Of course, poison immunity is common, so it's important to have other options anyway.

Flurry hunters were damn scary with the old toxicologist backing them up in high level play.

That said, poison immunity being common is a bit misleading. It is ubiquitous to some creature types that are numerous, but you aren't necessarily going to be fighting heaps of those creature types outside of a campaign centred around them.

It is in fact quite common for the majority of creatures in APs to not be immune to poison (bloodlords being an exception)

But yeah other than that my groups never struggled to understand poison rules outside of my forgetting whether they triggered at the start of a turn or the end of a turn early on. really quite like how they work, and virulent afflictions are damn scary.

Grand Lodge

Agonarchy wrote:
kaid wrote:
Agonarchy wrote:

The poison system basically encourages pounding in as many exposures as possible as fast as possible. This makes them very powerful against single, vulnerable targets, but harder to use in more general conflict, especially because it's hard for a non-monster to actually have that many doses on hand and is action-costly to apply them over and over.

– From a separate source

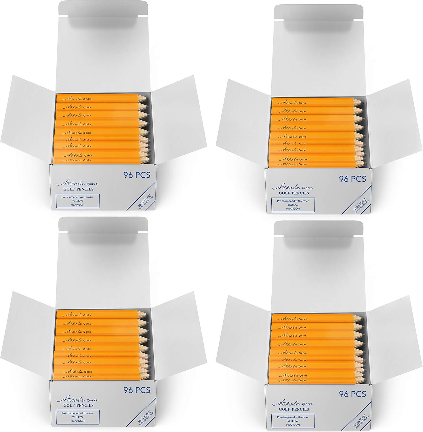 - Each Inner Box is Packed With 96 Premium Miniature #2 Pencils. Each Pencil is Made From High-Quality Wood for Clean Easy Sharpening, But They Are Already Presharpened So There's No Need To Sharpen, You Can Just Toss One In Your Shirt Pocket and Hit The Golf Course.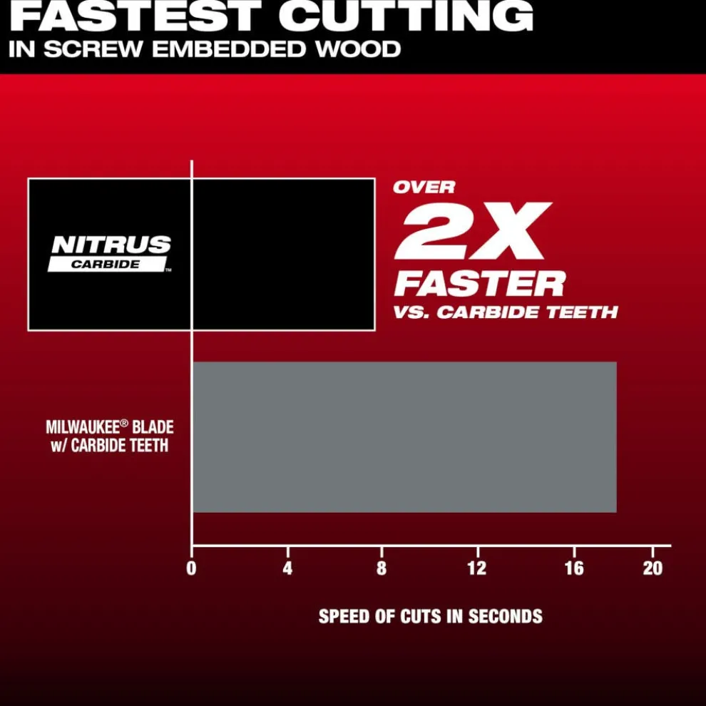 - NITRUS CARBIDE blades provide up to 2X more cuts vs Carbide Teeth

Of course, poison immunity is common, so it's important to have other options anyway.

The poison immunity thing is why the tox alchemists are some of the few who will make a lot of use of them as their poisons basically are poison/acid so should always be able to do something.

Yes, and I wish it were available to other poison users, even if it's costly.

Oddly enough, before I had ever gotten involved in Pathfinder, I had the exact same poison to acid mechanic for a 5E homebrew class I was working on. I was *very* happy to see that Pathfinder beat me to the punch.

Wait! Are you saying Pathfinder spiked the punch with Poison/Acid?! No wonder my cups kept dissolving!